Pictures are not part of the copy. Set down exactly the lines from the one containing "能量維他命植萃水凝膜添加了檸檬萃取與維他命B,減油加水,完美控油。" through the last line of the material below.

[[ Dataset excerpt, beginning ]]

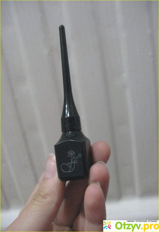 Подводка черного цвета, как вы уже догадались. Кисточка у нее не мягкая, а твердая, подобно стержню фломастера. Только ее надо окунать постоянно во флакончик, чтобы достать саму жидкость.
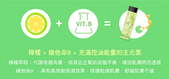 能量維他命植萃水凝膜添加了檸檬萃取與維他命B,減油加水,完美控油。
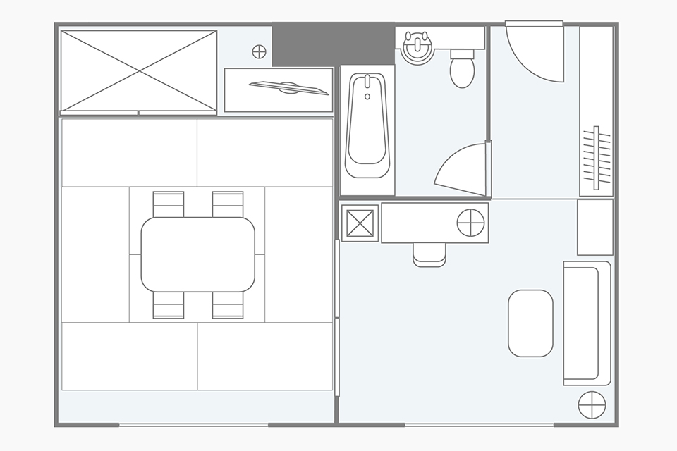 房間的佈局只是一個例子。面積和家具的配置、備品等根據房間而不同,請事先了解。

[[ Dataset excerpt, end ]]

#### Answer area:
 能量維他命植萃水凝膜添加了檸檬萃取與維他命B,減油加水,完美控油。
 房間的佈局只是一個例子。面積和家具的配置、備品等根據房間而不同,請事先了解。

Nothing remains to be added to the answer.